Kelly has taken this task one step further. When people drop paper into the water she hides it under a rock at the bottom of the pool. The next time a trainer passes, she goes down to the rock and tears off a piece of paper to give to the trainer. After a fish reward, she goes back down, tears off another piece of paper, gets another fish, and so on. This behaviour is interesting because it shows that Kelly has a sense of the future and delays gratification. She has realised that a big piece of paper gets the same reward as a small piece and so delivers only small pieces to keep the extra food coming. She has, in effect, trained the humans.

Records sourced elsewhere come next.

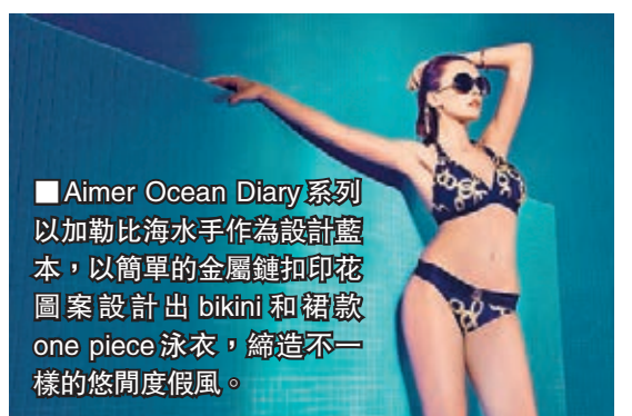
Aimer Ocean Diary系列以加勒比海水手作為設計藍本，以簡單的金屬鏈扣印花圖案設計出 bikini 和裙款 one piece 泳衣，締造不一樣的悠閒度假風。

近年的泳裝都以比堅尼作主打，款式更是推陳出新，有不少剪裁獨特、顏色和圖案奪目的設計，性感又具玩味。至於一件頭的泳裝亦轉趨時尚化，Deep V 剪裁，增強胸部的立體線條效果，配上 X 形及腰側鏤空設計，塑造腰間的誘人曲線；有些更結合嶄新泳裝科技及泳裝潮流，專業、時尚與實用兼備。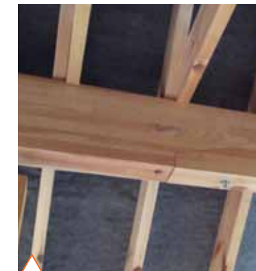
Стык составного прогона (продольной слеги)

Все детали стропильной конструкции изготавливаются по проекту и ВХОДЯТ В СОСТАВ ДОМОКОМПЛЕКТА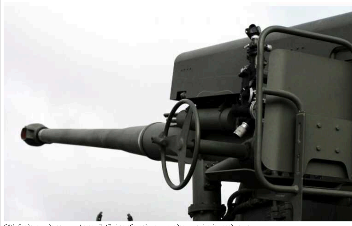
САУ «Богдана» у детальних фото від 47-ої артбригади: як виглядає механізація заряджання

Українські артилеристи зазначили, що САУ «Богдана» має ідеальне співвідношення точності та сили.

Her cunning has not stopped there. One day, when a gull flew into her pool, she grabbed it, waited for the trainers and then gave it to them. It was a large bird and so the trainers gave her lots of fish. This seemed to give Kelly a new idea. The next time she was fed, instead of eating the last fish, she took it to the bottom of the pool and hid it under the rock where she had been hiding the paper. When no trainers were present, she brought the fish to the surface and used it to lure the gulls, which she would catch to get even more fish. After mastering this lucrative strategy, she taught her calf, who taught other calves, and so gull-baiting has become a hot game among the dolphins.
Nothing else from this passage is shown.